Apa terjemahannya bagi Indonesia? Fokuslah kepada kelompok yang bisa memberikan daya ganda
(multiplier) ekonomi paling tinggi bagi perekonomian, fokuslah kepada apa yang bisa dilakukan segera
dan sifatnya sementara. Yang memenuhi kriteria ini adalah-seperti saya pernah tulis sebelumnya-
program cash transfer bagi kelompok masyarakat berpenghasilan rendah atau miskin. Karena
penghasilannya rendah, jika mereka dapat tambahan pendapatan, akan dibelanjakan.

Mendorong program dana desa tentu sangat baik, tetapi butuh waktu. Saya agak khawatir, program
dana desa akan memakan waktu agak panjang. Alasannya, prosedur yang rumit dan belum terlatihnya
kepala desa dalam soal tata kelola keuangan dan perencanaan. Saya bisa memahami apabila para kepala
desa dan aparat birokrasi takut ditangkap jika ada kesalahan pengelolaan. Sebenarnya untuk mengatasi
ini, infrastruktur desa bisa dibangun lewat Program Nasional Pemberdayaan Masyarakat, yang tata
kelolanya sudah relatif mapan. Sayangnya, program ini sudah tidak lagi dilanjutkan.

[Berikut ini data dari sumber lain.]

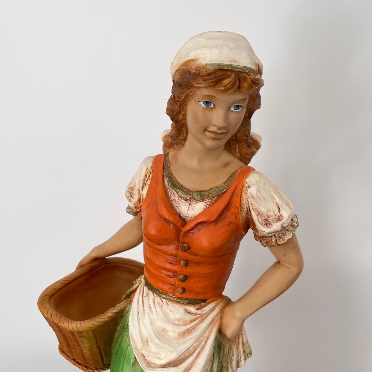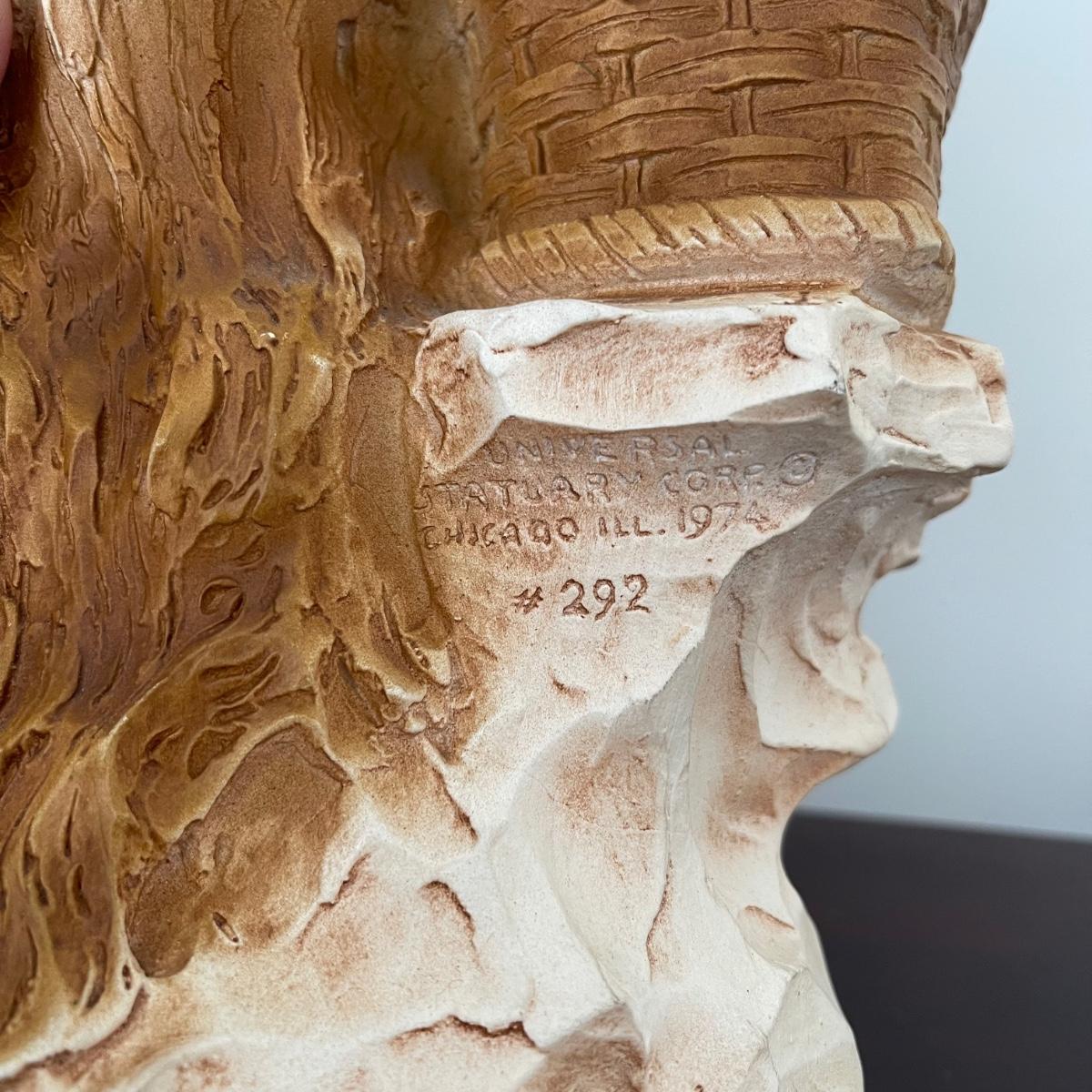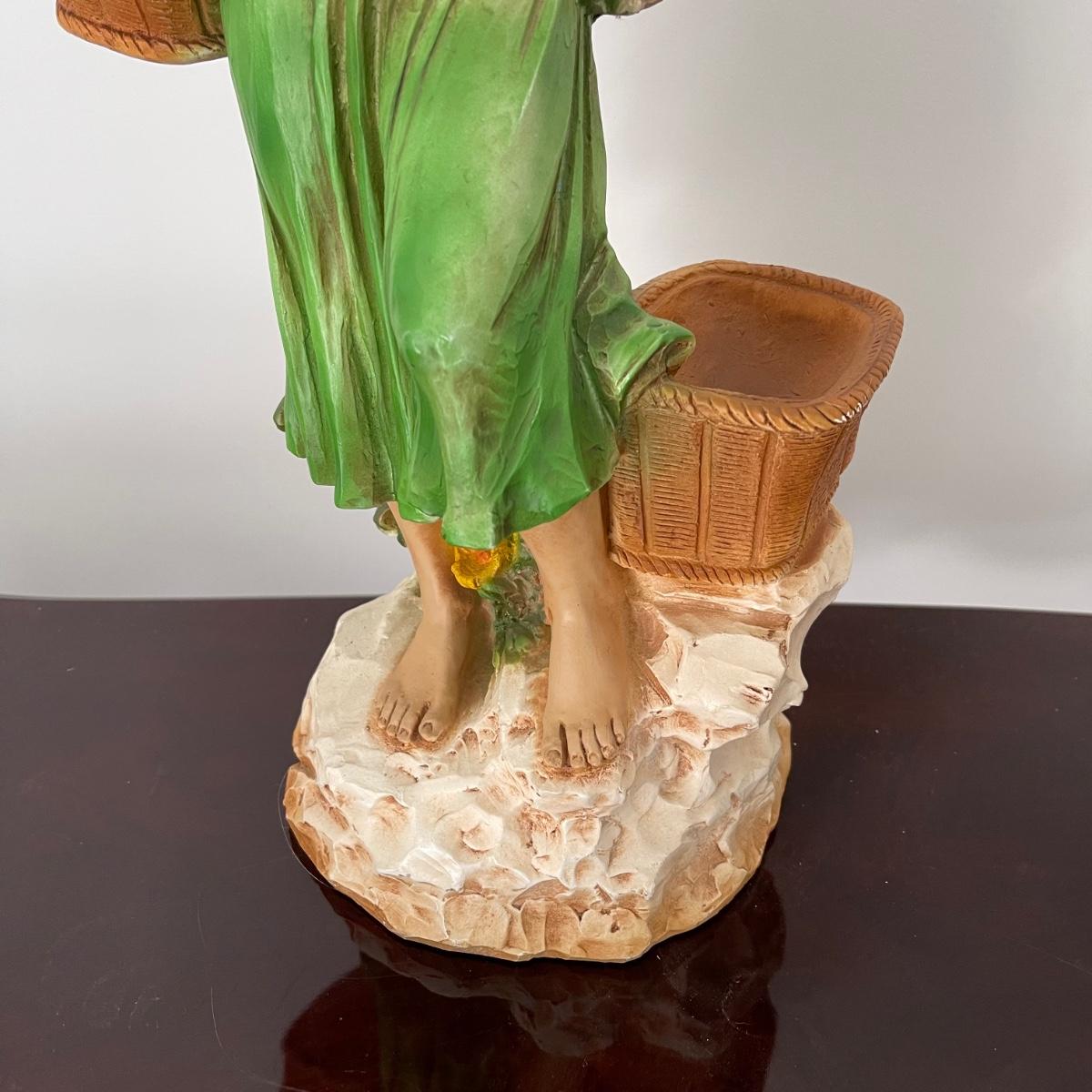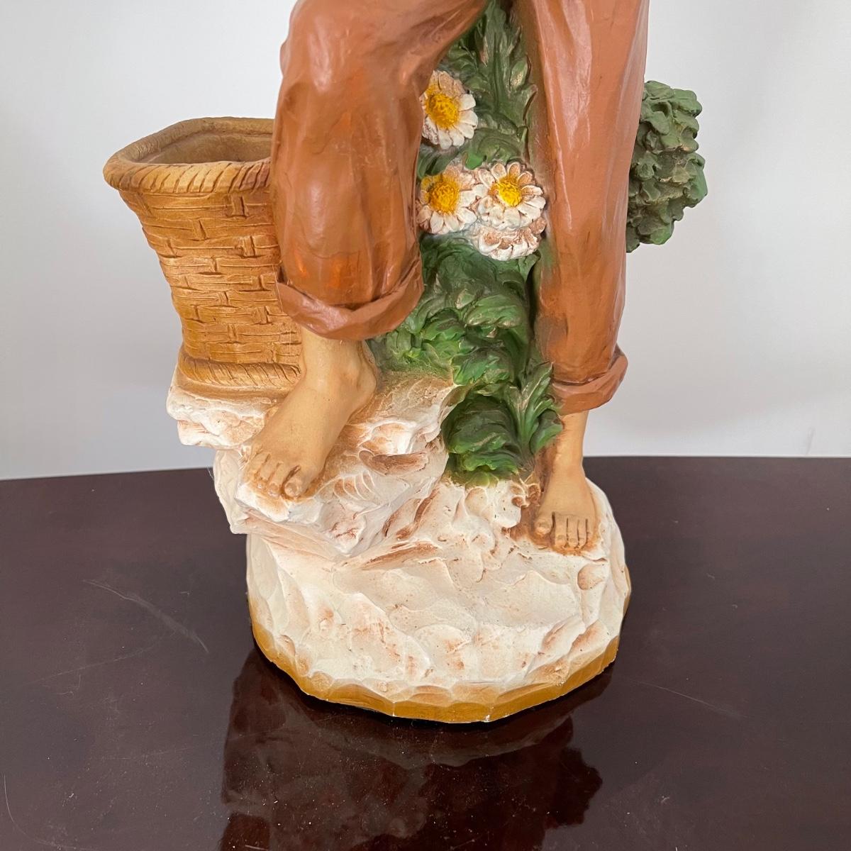 These two Universal Statuary Corp statues stand at about 22 inches tall. The first is a peasant girl with baskets and the inscription identification year and number of 1973 #291 by G. Boni. The second is a peasant boy with baskets and the inscription of 1974 #292, no signature. Shipping available.

Dalam jangka menengah, solusi untuk menarik arus modal asing (PMA) amat penting. Dengan sumber
pembiayaan domestik yang terbatas, ekspansi pertumbuhan ekonomi akan menimbulkan defisit dalam
transaksi berjalan. Dan, kita tahu, setiap kali defisit transaksi berjalan membengkak, pasar cemas, lalu
modal mengalir keluar. Karena itu, cara efektif untuk mendorong pertumbuhan ekonomi tanpa perlu
mencemaskan defisit transaksi berjalan adalah menarik PMA. Modal tak mudah lari walau defisit
transaksi berjalan meningkat. Dalam kaitan ini, saya kira kita harus menyambut positif paket deregulasi
yang dikeluarkan pemerintah.

Resep klasik untuk mengurangi intervensi pemerintah dalam hal aturan dan perizinan, serta
membiarkan pasar lebih mudah bergerak, adalah langkah yang amat tepat. Masalahnya, jika dulu
sebagian besar izin ada di pemerintah pusat, kini sebagian besar izin ada di daerah. Bisakah deregulasi
ini terjadi di tingkat pemerintah daerah, padahal wewenang pemerintah pusat tak lagi menjangkau
mereka? Jika ini bisa dilakukan, proses investasi akan menjadi jauh lebih cepat. Kita tak perlu selamanya
muram atau cemas seperti ilmu ekonomi. Economics is the dismal science.